For instance, suppose $A(x,y)=yx^2$ and $B(x,y)=y^2x$. Then $A$ does divide $B$ as polynomials in $y$ over $\mathbb{F}(x)$, but clearly not as bivariate polynomials in $\mathbb{F}[x,y]$.
- Gauss's lemma states that if a univariate polynomial in $\mathbb{D}[x]$ (where $\mathbb{D}$ is a UFD) is reducible as a polynomial in $\mathbb{K}[x]$ (where $\mathbb{K}$ is the field of fractions of $\mathbb{D}$), then it is reducible in in $\mathbb{D}[x]$ itself.
- The paper can be looked at here. Check out the first couple of paragraphs in Section 5 "Piecing it together". (The paper as such is an important work in the field of probabilistically checkable proofs in complexity theory, and the constructions use algebraic tools).

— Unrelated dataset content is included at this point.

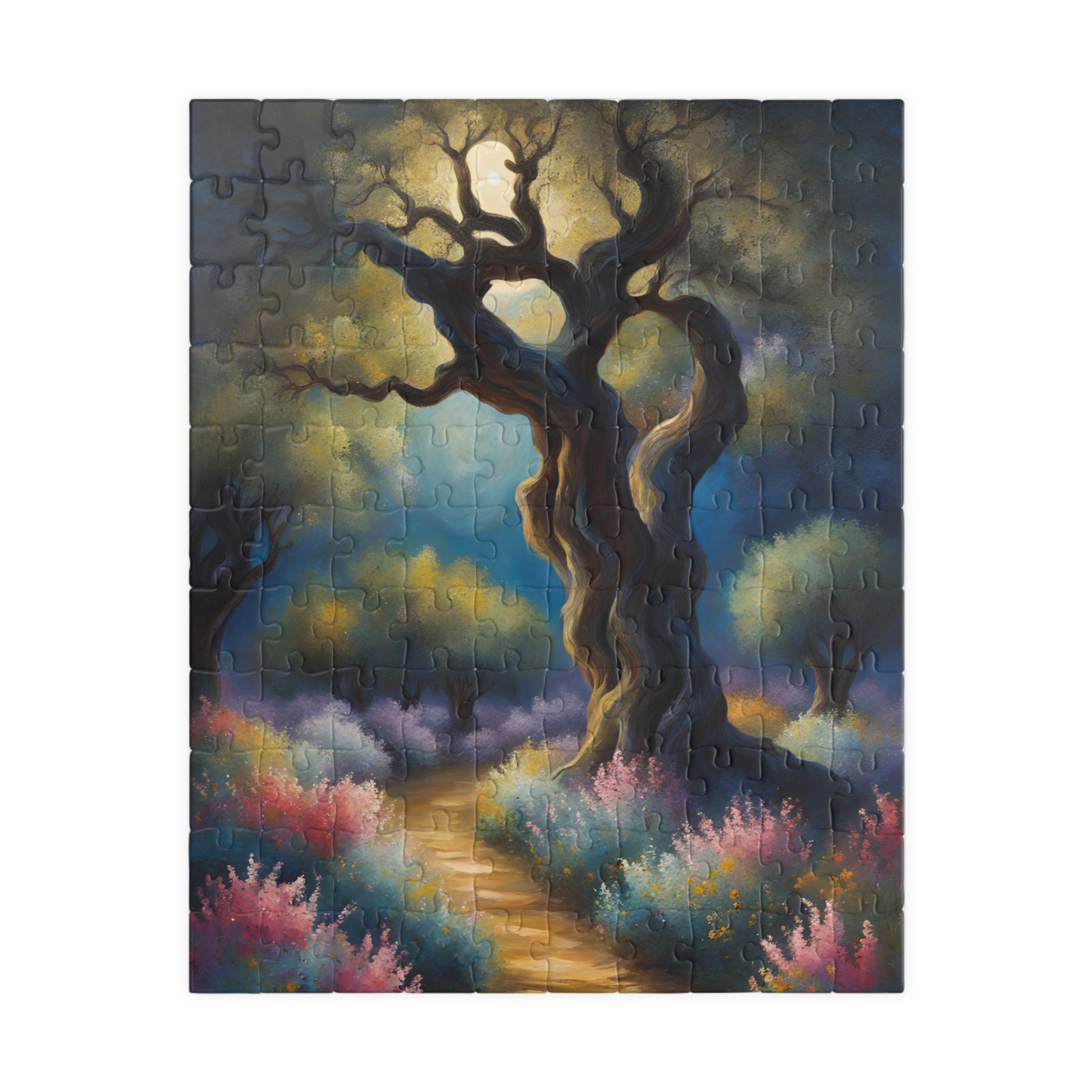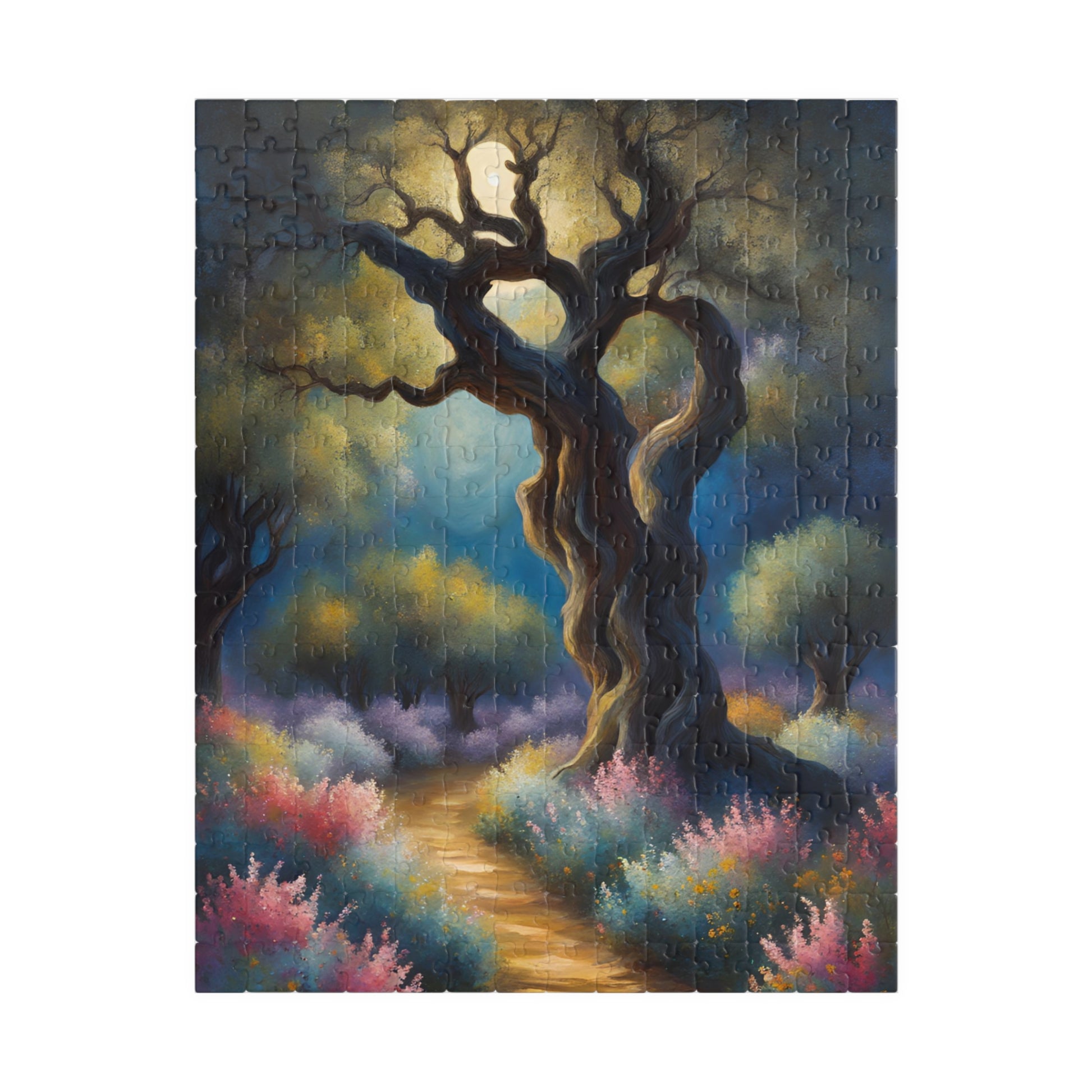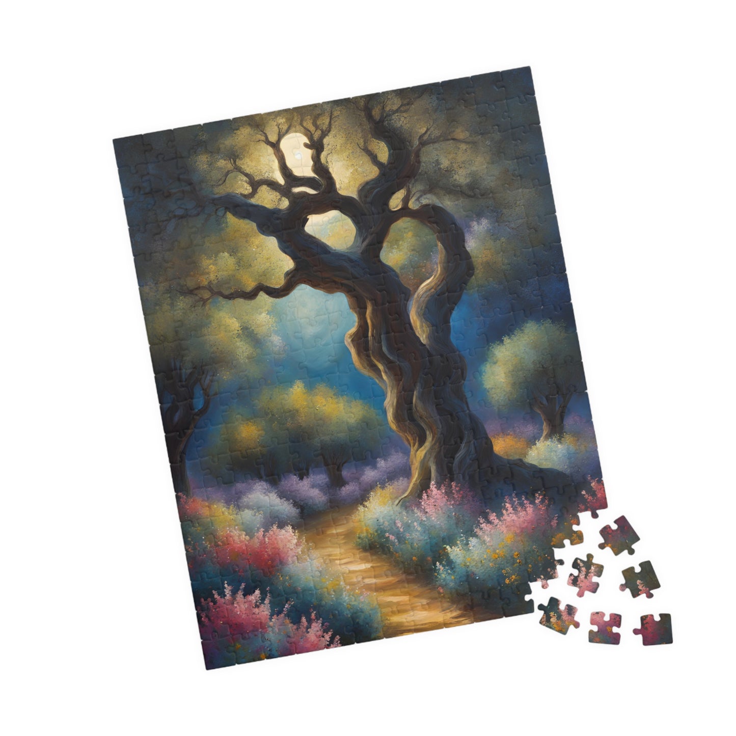 Escape to a tranquil moonlit garden with this stunning puzzle, featuring ancient olive trees standing tall and proud. Their gnarled trunks, twisted and deeply rooted in the earth, tell stories of resilience and time. Silvery leaves shimmer under the soft glow of the moon, while a gentle breeze whispers through the branches, creating an atmosphere of serene beauty and timeless peace. Perfect for nature lovers and puzzle enthusiasts, this captivating design offers a meditative journey with every piece. \

Sometimes (I learned this the hard way), you just have to keep reading. In the text, it is stated that one first divides by the $\gcd(A,B)$ to make sure that $A$ and $B$ share no factor. We now want to show that $A$ is constant.
Now what you are saying is correct, of course. If $A$ divides $B$ in $\mathbb F(x)[y]$, then all you get is $A\cdot C=B$ with $C\in\mathbb F(x)[y]$. You can multiply by some $D\in \mathbb F[x]$ of minimal degree to have $\tilde C := CD\in \mathbb F[x,y]$, though. This yields $A\cdot \tilde C=B\cdot D$. Now if $A$ and $B$ share no common factor, this means $A\mid D$. Since we chose $D$ to be of minimal degree, it shares no factor with $\tilde C$, so actually $A=D\in \mathbb F[x]$. However, this did not depend on our choice of $x$ or $y$, so we can just as well prove $A\in\mathbb F[y]$. Hence, $A\in \mathbb F[x]\cap \mathbb F[y]=\mathbb F$, so $A$ is a constant.
Regarding your example: It is important to have the statement not just for one of the variables, but for both. Otherwise, it's false as your example shows.